La Substance primordiale de l’univers, loin de se réduire à une sorte de pâte à modeler passive, est à la base une puissance terrible, dynamique et impétueuse quand elle n’est déterminée par aucune contrainte. Elle contient en effet toutes les possibilités, y compris toutes les énergies susceptibles de se manifester dans l’univers sous une forme spécifiée. Cependant, quand l’Esprit divin exerce sur elle son pouvoir créateur, cette puissance élémentaire se fait passive devant lui et se rend entièrement réceptive à sa volonté.
La Substance première et les substances spécifiées
Les scolastiques, après Aristote, parlaient de materia prima et de materia secunda, des notions que l’on pourrait restituer par les expressions « substance première » et « substance spécifiée ». La substance spécifiée représente le principe substantiel propre à un ordre d’existence délimité. Pour créer les univers, visibles ou invisibles, la Volonté divine définit, à partir de la Substance première, ce qui jouera pour chacun de ces mondes le rôle de matière appropriée. À la différence de la Substance première, la substance spécifiée n’est pas informelle et indifférenciée ; elle est au contraire déterminée, en accord avec les conditions spéciales du monde auquel elle sert de support.
La matière telle que l’entendent les physiciens modernes doit être regardée comme une substance spécifiée, puisqu’elle ne peut se définir que par les propriétés que voient en elle les scientifiques. Il faut rappeler que les qualités sensibles d’une substance spécifiée ne lui appartiennent pas en propre ; elles procèdent toutes des déterminations qu’elle a reçues de l’Esprit formateur.
La dualité essence et substance
Le dualisme qui, avec L’Esprit et la Matière, est présent au niveau suprême se reproduit dans tous les mondes, ou états d’existence, constitués d’une substance spécifiée. L’existence de tout être procède en effet de deux choses : son essence et sa substance. Chaque chose existante résulte de l’action qu’exerce le principe actif, l’essence, sur le principe passif et réceptif, la substance. L’essence d’un être, c’est la synthèse de tous les attributs ou qualités qui lui appartiennent, et qui font que cet être est ce qu’il est, tout en étant constitué d’une matière, son principe substantiel.
Les philosophes scolastiques expriment la même idée en disant que tout être est composé de « forme » et de « matière » ; mais les mots « forme » et « matière » prêtent à confusion de nos jours, en raison du sens tout différent qu’ils ont pris dans le langage moderne.

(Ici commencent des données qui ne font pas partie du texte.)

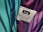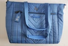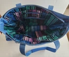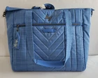 This Lug Paddle Carry All Tote Bag is perfect for any occasion. With a solid pattern and nautical, beachy theme, this bag will complement any outfit. The ice blue exterior with colorful navy stripes is accented by gunmetal hardware and features a zip and magnetic closure. The spacious interior is lined with multiple inner pockets and an insulated bottle pocket. The tote also includes an adjustable strap, detachable strap, bag charm, handle keeper, and bottom studs. This is a perfect overnight, carry all bag! This would even be a super cute diaper bag! This is new without tags.

La « forme » et la « matière », ou l’essence et la substance, sont également appelés, en langage aristotélicien, « l’acte » et « la puissance ». L’acte est ce par quoi tout être participe à l’essence, et la puissance ce par quoi il participe à la substance.
Le pouvoir de créer les formes, qui appartient à l’Esprit, est à l’origine de l’essence de chaque être, celle qui permet à celui-ci d’exister en étant formé à partir d’une substance particularisée. L’âme, par exemple, résulte de ce que les alchimistes appellent une fixation, ou une coagulation, par laquelle la substance spécifiée, en l’occurrence la matière psychique, est figée dans sa forme actuelle.